Use a HOCON parser, that'll work on all of the stuff you mentioned.
-
-
@pie_flavor said in JSON is hard...:
@Vixen said in JSON is hard...:
YOU SAID YOU SUPPORTED JSON OUTPUT! :giant_squid_of_anger: THIS IS NOT JSON OUTPUT!
Use a HOCON parser, that'll work on all of the stuff you mentioned.
Should I consider this to replace YAML for my config files?
-
@error If you're looking to replace YAML for your config files, start with TOML.
But after that, yes.
-
@pie_flavor said in JSON is hard...:
TOML
*choking back bile after reading the spec* Oh, right. Earth-73.
-
@error I assume you have some religious aversion to first-class date-times.
-
@pie_flavor said in JSON is hard...:
first-class date-times
It sounds like dates are not really on the list of concerns...
-
@Tsaukpaetra said in JSON is hard...:
It sounds like dates are not really on the list of concerns...

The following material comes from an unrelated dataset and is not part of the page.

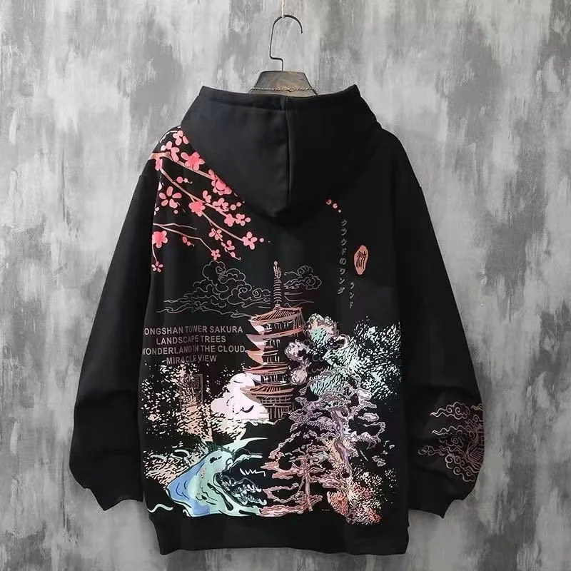 Мужская толстовка с капюшоном, в китайском стиле Харадзюку

you are more concerned with the rejection?
-
@pie_flavor said in JSON is hard...:
@error I assume you have some religious aversion to first-class date-times.

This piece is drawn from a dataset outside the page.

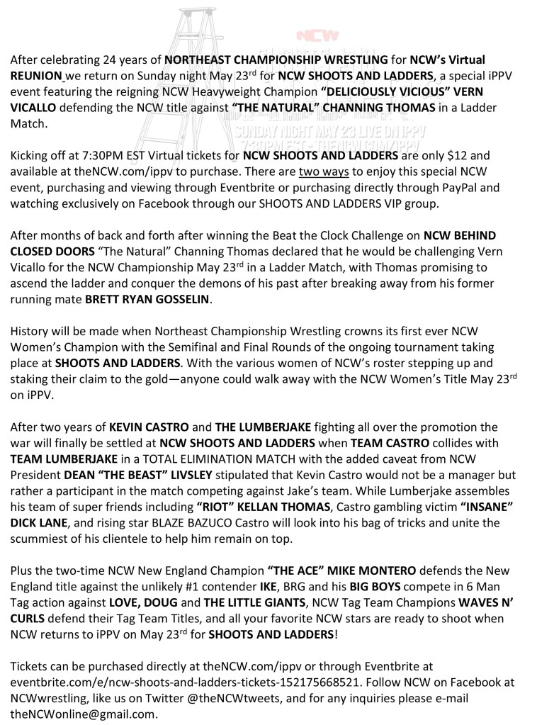 On Sunday night May 23rd Northeast Championship Wrestling returns to iPPV for a huge night of professional wrestling action presenting NCW SHOOTS AND LADDERS, featuring NCW Heavyweight Champion “DELICIOUSLY VICIOUS” VERN VICALLO defending the NCW title against “THE NATURAL” CHANNING THOMAS in a Ladder Match! Please visit theNCW.com/iPPV to get your virtual tickets today!

Nah. Just can't afford first class.
-
@error said in JSON is hard...:
@pie_flavor said in JSON is hard...:
@Vixen said in JSON is hard...:
YOU SAID YOU SUPPORTED JSON OUTPUT! :giant_squid_of_anger: THIS IS NOT JSON OUTPUT!
Use a HOCON parser, that'll work on all of the stuff you mentioned.
Should I consider this to replace YAML for my config files?
I will switch to HOCON when it has:
- a fully compliant JS implementation
- IDE support
-
@error said in JSON is hard...:
@pie_flavor said in JSON is hard...:
TOML
*choking back bile after reading the spec*
TOML is human-written config file format, not data exchange format. It's great for human-written config files, mostly because it avoids endless nesting - but that's exactly why it sucks for data exchange.
-
@Gąska said in JSON is hard...:
@error said in JSON is hard...:
@pie_flavor said in JSON is hard...:
TOML
*choking back bile after reading the spec*
TOML is human-written config file format, not data exchange format. It's great for human-written config files, mostly because it avoids endless nesting - but that's exactly why it sucks for data exchange.
Yeah, I want to use it for config files, but I don't want my config files resembling ini files (though I know lots of FOSS projects do).
-
@error why not? It's very readable. It's easy to write. It's trivial to comment out small fragments, rearrange sections, or copy snippets from the internet. What's not to like?
-
@error said in JSON is hard...:
@Gąska said in JSON is hard...:
@error said in JSON is hard...:
@pie_flavor said in JSON is hard...:
TOML
*choking back bile after reading the spec*
TOML is human-written config file format, not data exchange format. It's great for human-written config files, mostly because it avoids endless nesting - but that's exactly why it sucks for data exchange.
Yeah, I want to use it for config files, but I don't want my config files resembling ini files (though I know lots of FOSS projects do).
Is it bad that the entirety of my configuration these days is
const frobWidgets = process.env['PRODPREFIX_FROB_WIDGETS'] || true
cause it is....
I'd do a configuration file, but like I only have like five configuration options, and four of them are just overriding the database connection stuff (default connect to host
postgres
databasepostgres
, userpostgres
passwordletmein
) and the defaults are suitable for connecting to a containerized database anyway..... so you know. really you should only have the one configuration setting to change because you just give me a container to connect to as database. :-)
-
@Gąska said in JSON is hard...:
@error why not? It's very readable. It's easy to write. It's trivial to comment out small fragments, rearrange sections, or copy snippets from the internet. What's not to like?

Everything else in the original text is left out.